[Data]
━━━━━━━━━━━━━━━━━━━━
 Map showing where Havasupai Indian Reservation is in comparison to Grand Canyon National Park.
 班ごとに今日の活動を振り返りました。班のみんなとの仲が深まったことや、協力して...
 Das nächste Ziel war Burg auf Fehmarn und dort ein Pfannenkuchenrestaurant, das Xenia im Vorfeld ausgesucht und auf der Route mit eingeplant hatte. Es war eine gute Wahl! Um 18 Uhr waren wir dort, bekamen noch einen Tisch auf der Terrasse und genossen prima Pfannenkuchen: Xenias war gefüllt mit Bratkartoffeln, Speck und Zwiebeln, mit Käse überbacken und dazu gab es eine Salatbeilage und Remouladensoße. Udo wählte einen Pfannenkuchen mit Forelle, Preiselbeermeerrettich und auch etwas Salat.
━━━━━━━━━━━━━━━━━━━━
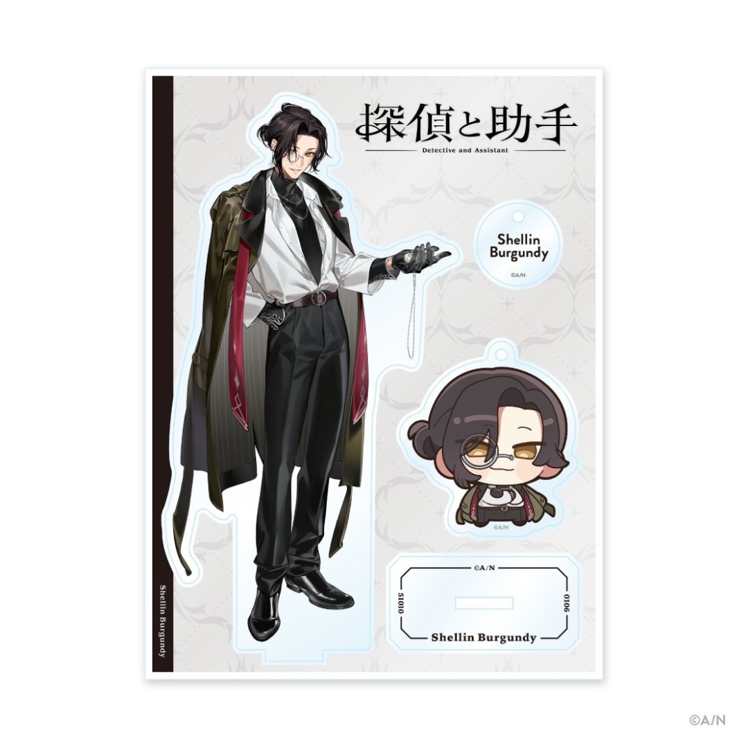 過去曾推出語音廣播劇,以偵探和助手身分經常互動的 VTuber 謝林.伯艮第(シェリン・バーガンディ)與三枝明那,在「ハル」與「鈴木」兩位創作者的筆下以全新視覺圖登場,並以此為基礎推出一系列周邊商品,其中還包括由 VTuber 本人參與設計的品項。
━━━━━━━━━━━━━━━━━━━━
[The task]
The required output is the stretch of entries above from the line containing "Map showing where" through the line containing "班ごとに今日の活動を振り返り", reproduced exactly.

[Your response]
 Map showing where Havasupai Indian Reservation is in comparison to Grand Canyon National Park.
 班ごとに今日の活動を振り返りました。班のみんなとの仲が深まったことや、協力して...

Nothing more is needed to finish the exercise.